The CJP pursues litigation, legislation, education and policy reform to improve the accuracy of the criminal justice system and its fairness to poor people. CJP’s litigation efforts include participation in founding and development of the New England Innocence Project (NEIP) , investigation of cases of wrongfully convicted persons to secure their exoneration and filing amicus briefs to ensure reliable expert testimony, improve identification procedures and require better forensic science. CJP’s specific litigation issues to increase accuracy in the criminal justice system are electronic recording of interrogations, latent fingerprint analysis, eyewitness identification procedures, and expert testimony by law enforcement about drug distribution.

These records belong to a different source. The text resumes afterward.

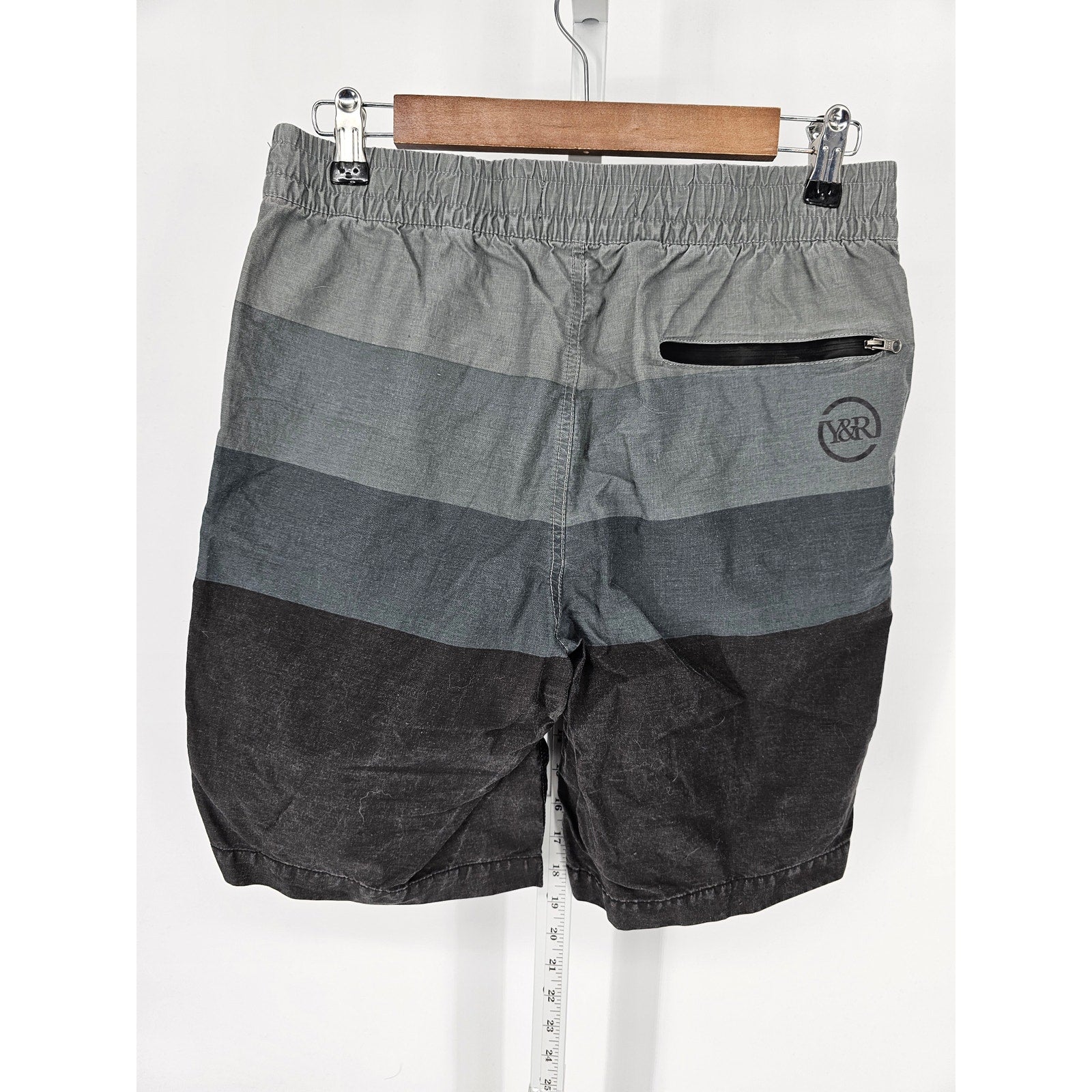 Young & Reckless Mens Sz S Swim Trunks Swimsuit Gray Striped
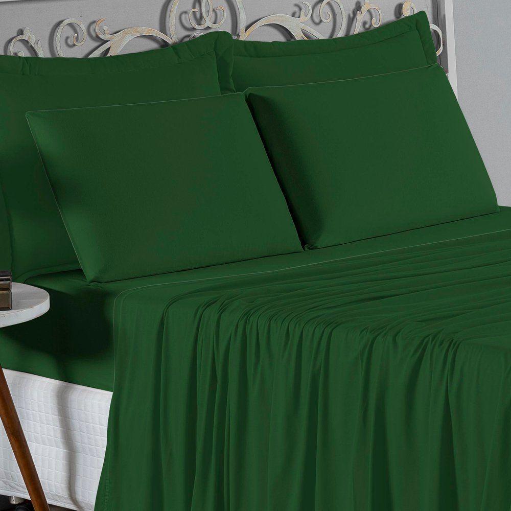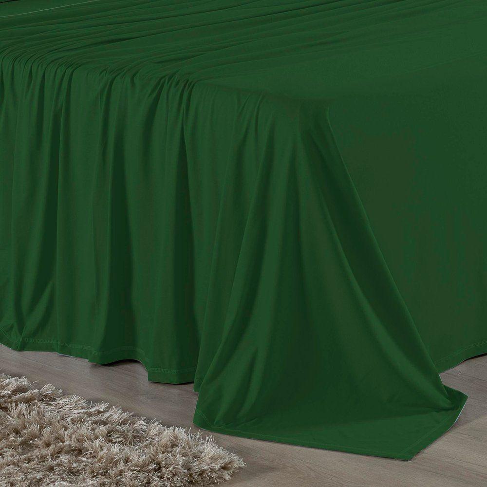 Jogo De Cama Casal Nobre 4 Peças Lençol Com Elástico De 30cm De Altura Malha 100% Algodão - Verde-bandeira
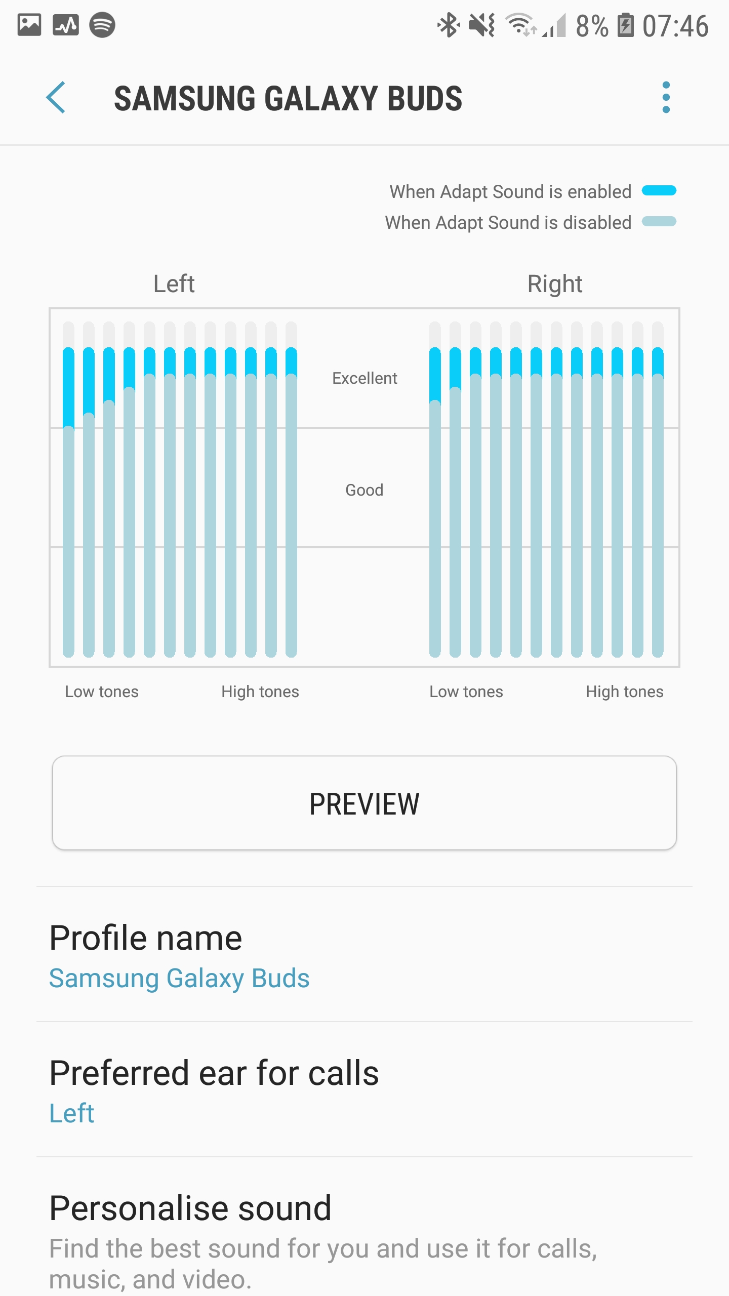 Galaxy buds clone has the most enjoyable sound at very low volumes with the most deep rumbling bass. Its low sound leakage disturbs others least. It is fashionable, coming in 3 colours and has volume control.
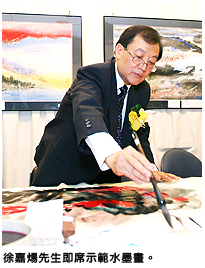 徐先生被譽為「後現代水墨畫」的始創者,近年作品打破了幾千年傳統的框框,進入了他一直追求的藝術理想——抽象水墨畫世界。他對城大也
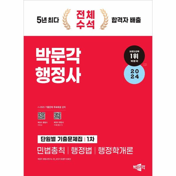 《2024 박문각 행정사 1차 단원별 기출문제집》은 2024년도 제12회 1차 행정사 자격시험을 준비하는 수험생을 위해 집필되었습니다. 민법총칙, 행정법, 행정학개론 세 과목의 11개년 기출문제를 단원별로 분류하여 모두 수록하였고, 모든 문제에 난도와 기출 회차, 기출 포인트를 표시하여 학습자 스스로 효율적인 학습이 가능하도록 하였습니다. 또한 풀이 TIP과 꼼꼼한 해설을 수록하여 놓치는 부분이 없도록 하였습니다. 기출문제집을 반복적으로 풀면서 이전에 배운 개념을 공고히 하다 보면 반드시 좋은 결과를 낼 것이라고 확신합니다. 행정사 시험을 준비하는 수험생들의 최종합격을 기원합니다.
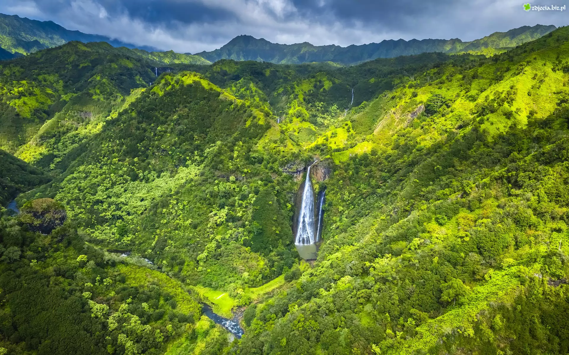 Zdjęcie Góry, Las, Drzewa, Wodospad, Jurassic Falls, Rzeka, Chmury, Napali Coast, Na Pali Coast State Wilderness Park, Hawaje, Stany Zjednoczone |
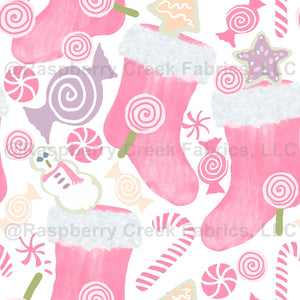 Pink Santa Socks with Christmas cookies and candies on a light yellow background by Club Creative Art, V. Campos-Hallstrom.
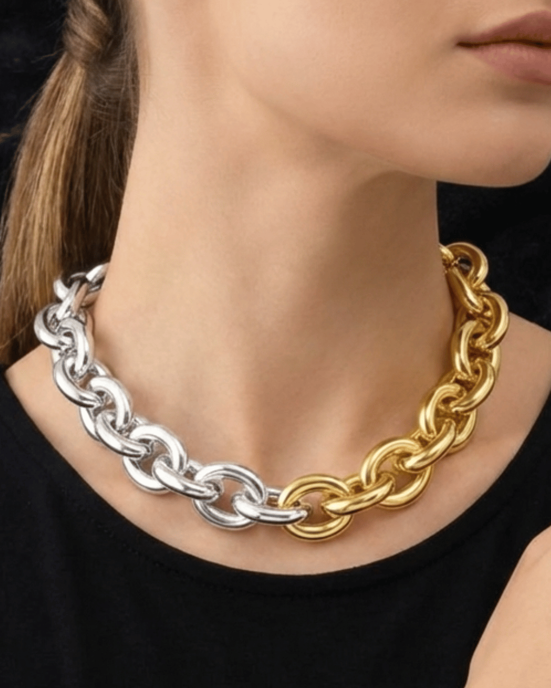 A stylish silver and gold dual-tone thick chain necklace, perfect for a punk hip-hop look. Trendy, bold, and easy to wear, ideal for making a statement!
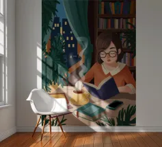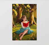 Een persoon zit op het gras in een sereen bos, verdiept in een boek. Warm gouden licht valt door de bomen en creëert een magische en rustige sfeer.
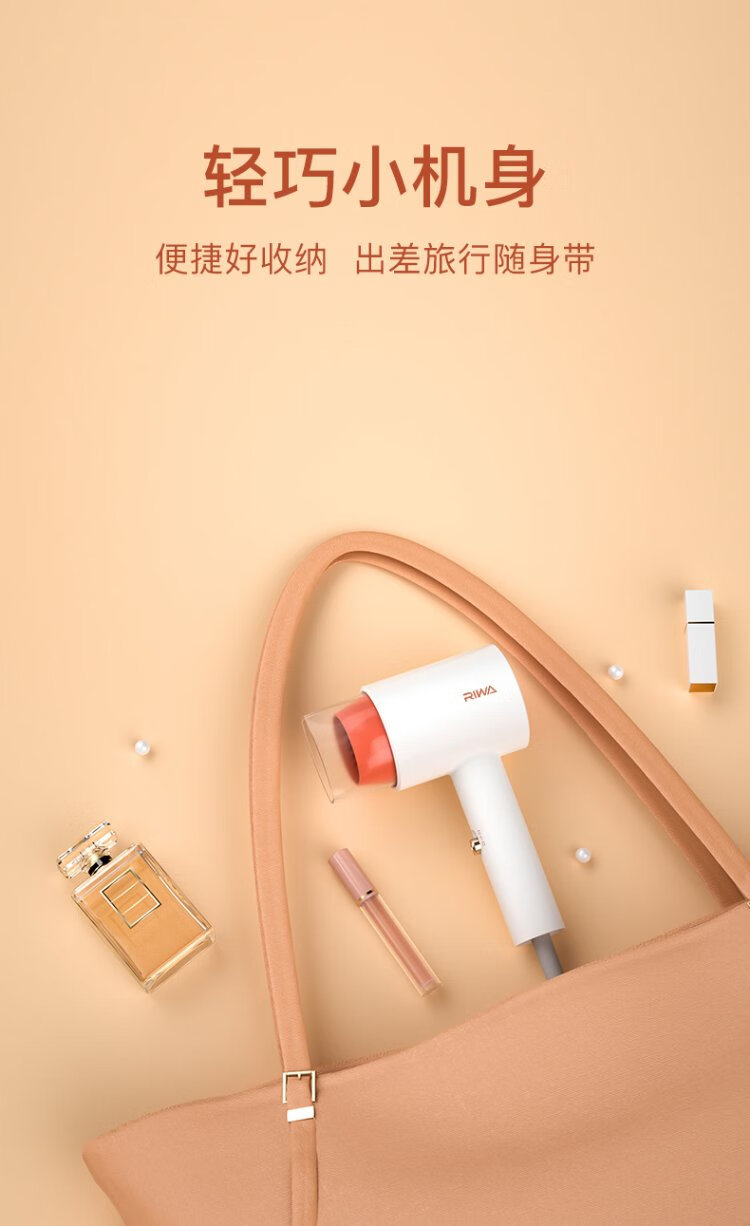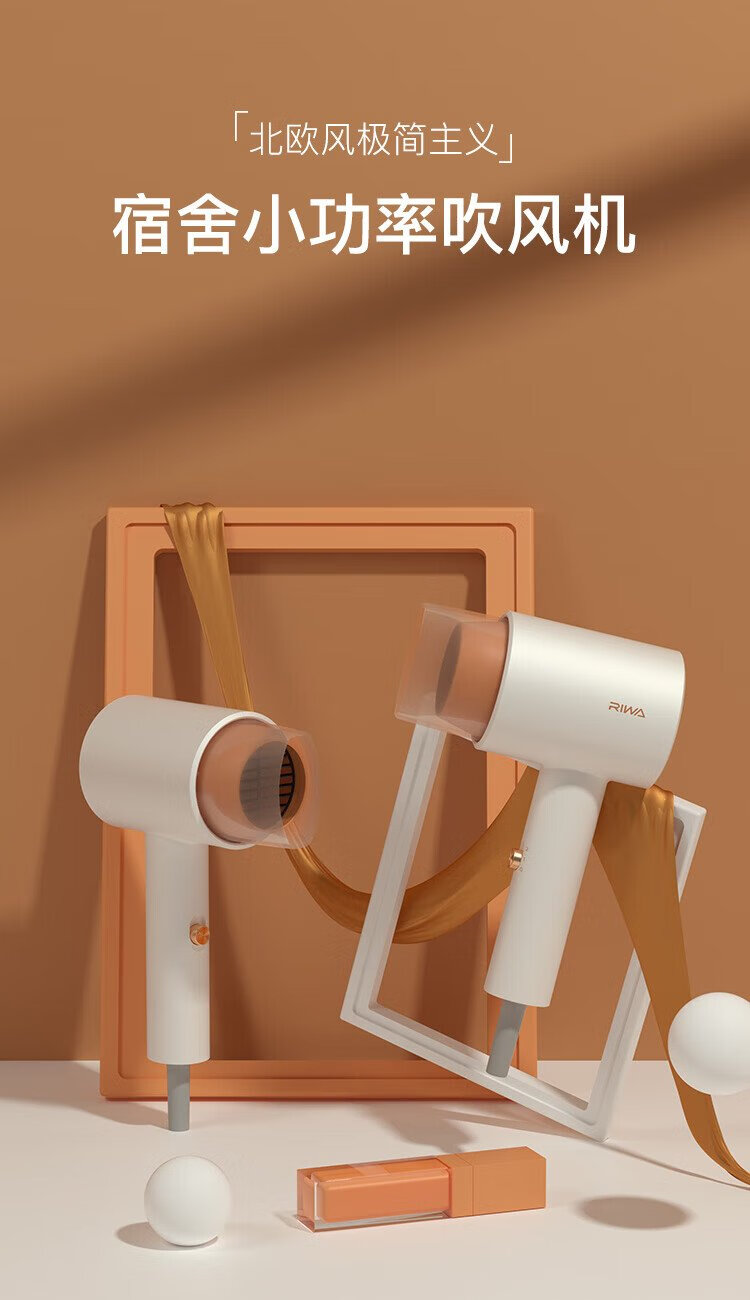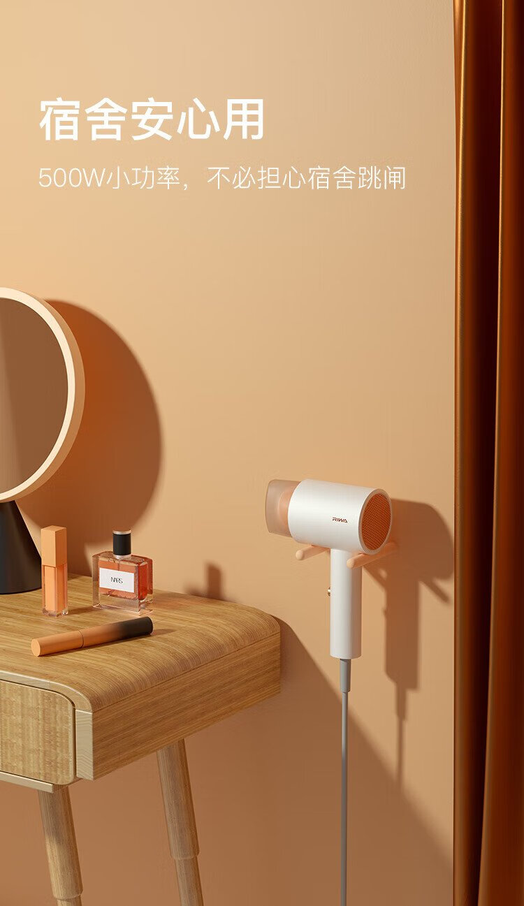 RIWA 500W hair dryer low power hair dryer for student dormitory dormitory limited power hair dryer quick-drying mini portable back-to-school supplies RC-7105
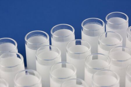 laboratory glass testing tubes with white label rings against blue background
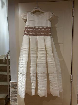 Vestido de comunión que incluye el vestido, cancán, cinturón hecho a mano y dos diademas. Talla 130/140 cm

Professor Siegel with students.

Professor David Siegel directs the CJP, and his work through the CJP includes handling pro bono criminal cases with student assistance, crafting legislation to improve the accuracy of the criminal justice system, and training criminal justice professionals in these areas. CJP works to ensure the criminal system’s fairness to poor people through education and training of lawyers who conduct indigent defense, including Suffolk Lawyers for Justice, Inc., where Siegel is a member of the board of trustees, research on issues concerning vulnerable populations, including mentally ill defendants and juveniles, and efforts to maintain practitioner ethics.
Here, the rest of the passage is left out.